Sebab “penerimaan Negara” mencakup seluruh uang masuk, termasuk hutang-hutang luar
negeri( yang ikut dicantumkan dalam APBN sebagai “penerimaan pembangunan” dan dengan
demikian ikut disahkan oleh DPR). Jadi berimbang sebenarnya defisit! Fungsional mempunyai arti
penerimaan pembangunan hanya boleh dipakai untuk proyek-proyek pembangunan. Dinamis artinya
pembiayaan pembangunan dari sumber dalam negeri harus semakin besar dan ketergantungan dari
dana bantuan luar negeri semakin berkurang. (poin 2 dan 3 belum tercapai)
Dari kejadian krisis ekonomi 1997-1998 menjadi bukti masih rapuhnya kekuatan APBN kita
yang masih berketergantungan terhadap pinjaman LN sehingga menambah beban cicilan dan bunga
kita ketika rupiah terdepresiasi.
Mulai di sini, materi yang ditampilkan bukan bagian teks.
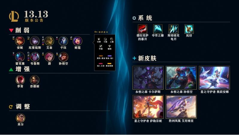 就在最近英雄联盟官方放出了对于13.13版本的更新内容,这次更新有许多英雄进行了调整,有不少英雄进行了增强,也有不少英雄被削弱了,那么下面就给大家带来LOL13.13英雄改动一览。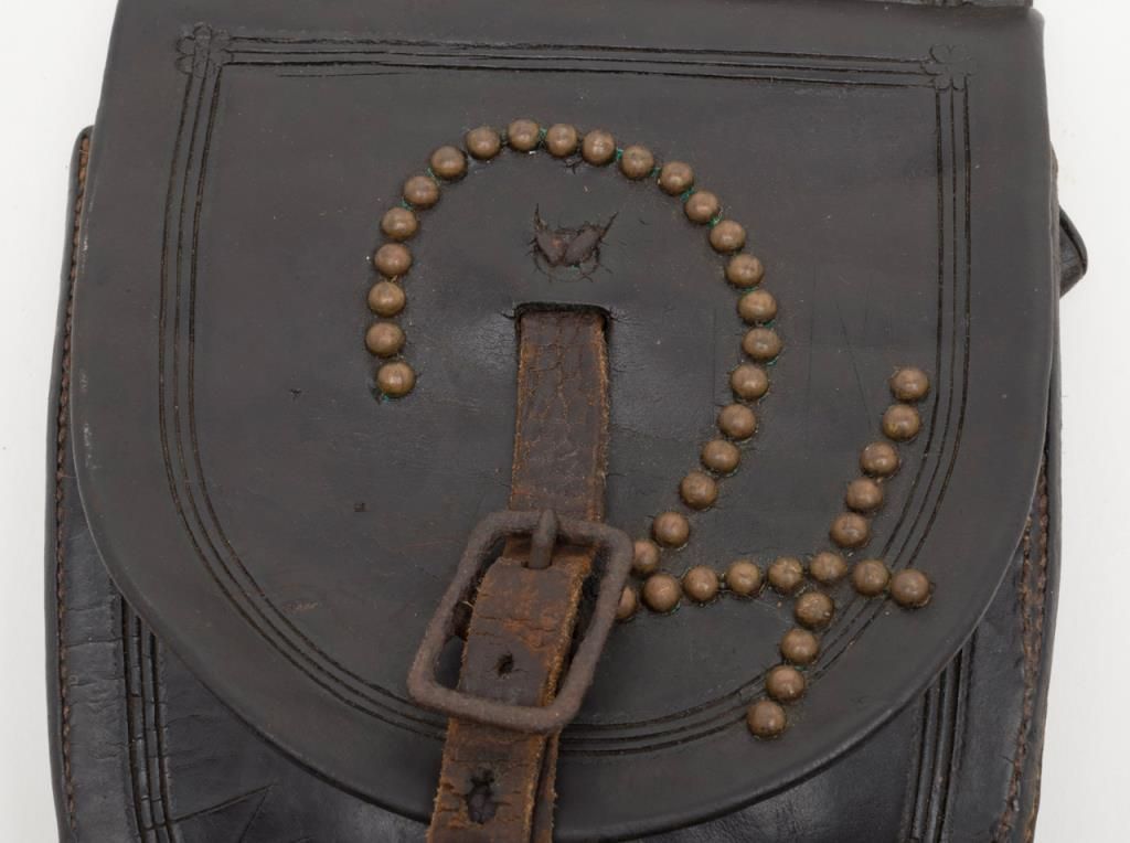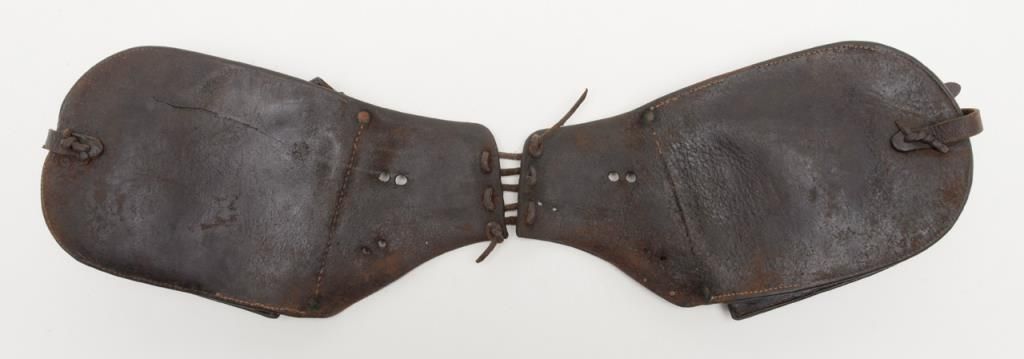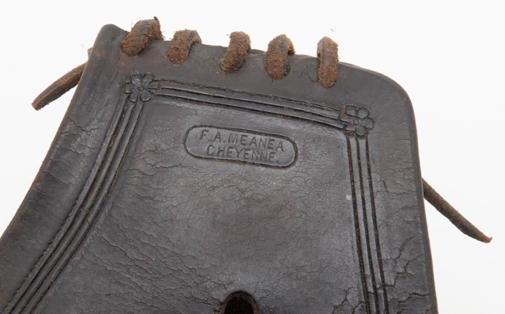 Small size pommel bags for gold coin or mail, marked F.A. Meanea, Cheyenne. Showing 2/4 intertwined initials which was probably a brand. Good condition. Normal cracking and aging. Extra holes punched for secure attachment tosaddle. Either coin or documents were not wanting to be lost on a fast ride. Est.: $500-$1,000.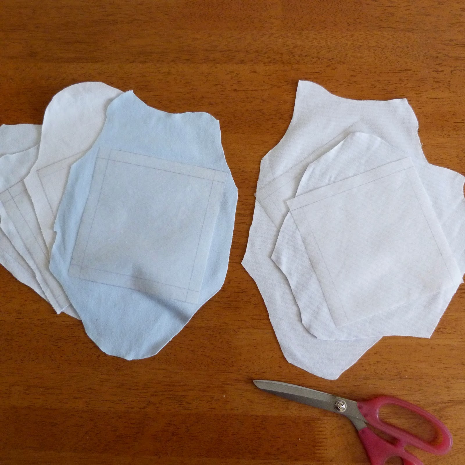 2) Measure your fabric pieces to work out the largest size square you can cut from them. We managed to get 6″ squares. Cut six 6″ squares (or your required size) from your Vilene and mark 1/2″ seam allowance guides on all edges with a pencil on the side that ISN’T iron-on (as shown in the picture below). Iron these Vilene squares onto the reverse of your vest or fabric pieces. We have placed some diagonally because we wanted the stripes on the finished cube to be diagonal.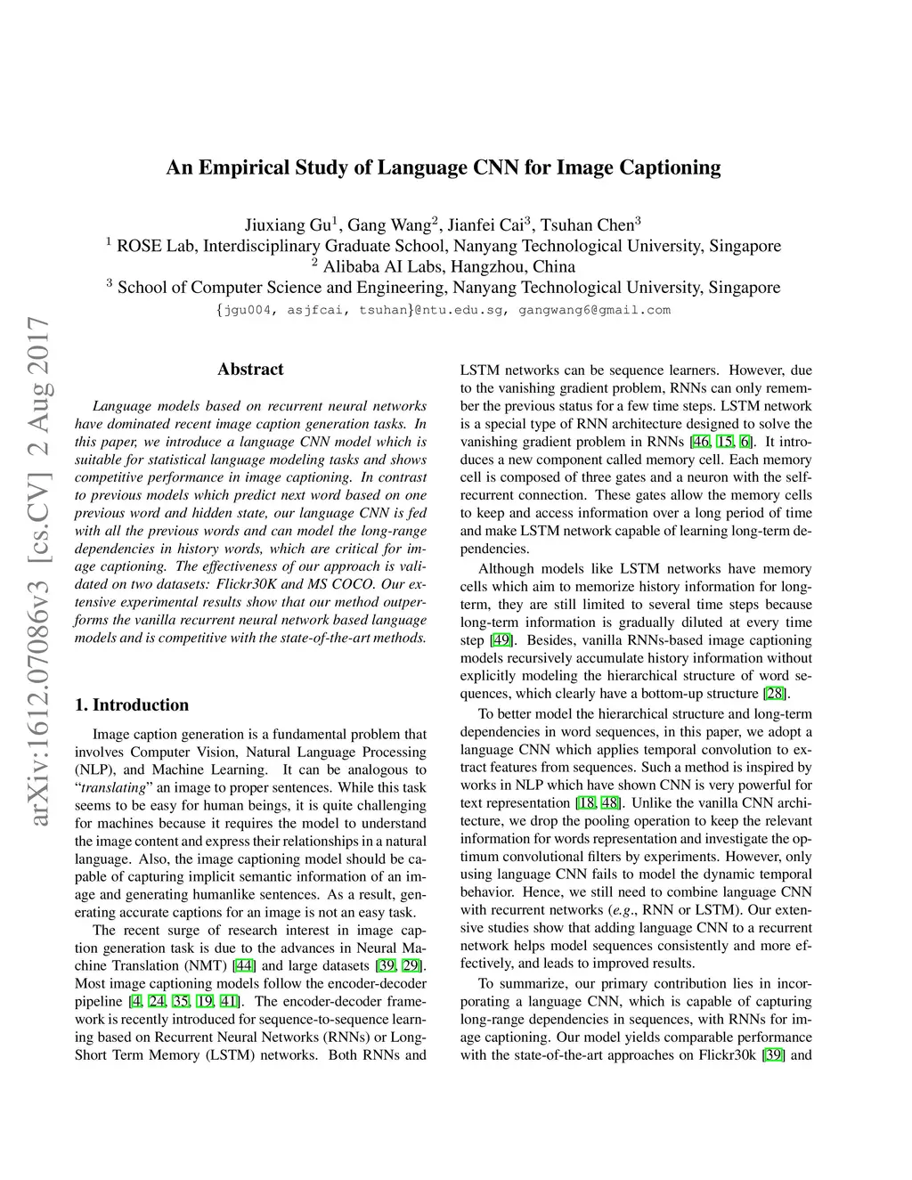 An Empirical Study of Language CNN for Image Captioning

Pada poin 2 dan 3 ini belum tercapai. Kenyataanya di Negara kita
menunjukkan keadaan defisit APBN yang cukup gawat. Adapun cara agar bisa menutupi defisit itu
ditempuh(dari T.Gilarso):
1. Menghemat pengeluaran rutin yang kurang perlu, meningkatkan efesiensi aparatur Negara serta
memperketat kontrol internal (termasuk pembasmian korupsi dan pemborosan)
2. Meningkatkan pendapatan Negara, khususnya dengan intensifikasi dan ekstensifikasi pajak tapi
perlu diwaspadainya akibat dari peningkatan pajak
3. Pengurangan subsidi pemerintah (BBG,BBM,TDL,dsb) tanpa membahayakan tercukupinya
kebutuhan utama masyarakat. Karena kebijakan tersebut akan berhadapan dengan politik dan
masyarakat.
4. Memfokuskan pembangunan
5. Pinjaman dalam negeri, dengan menjual obligasi Negara. Cara ini di Negara-negara maju adalah
yang paling biasa, meskipun bunga nya memberatkan.
6. Uang muka dari Bank Sentral, cara ini biasa dulu ditempuh yang mengakibatkan inflasi dengan
menambah jumlah uang beredar
7. Bantuan LN kalaupun ada yang memberi
8. Pinjaman LN, cara ini tidak ada bahaya inflasi, tetapi beban cicilan dan bunga pinjaman mungkin
berat sekali, syukur syukur ada rescheduling. (pinjaman LN positifnya bunga cicilannya rendah
dibandingkan pinjaman DN tapi intervensi LN-nya tinggi, sedangkan Pinjaman DN positifnya
intervensi asing rendah tapi bunga pinjamannya lebih tinggi dibandingkan dengan LN.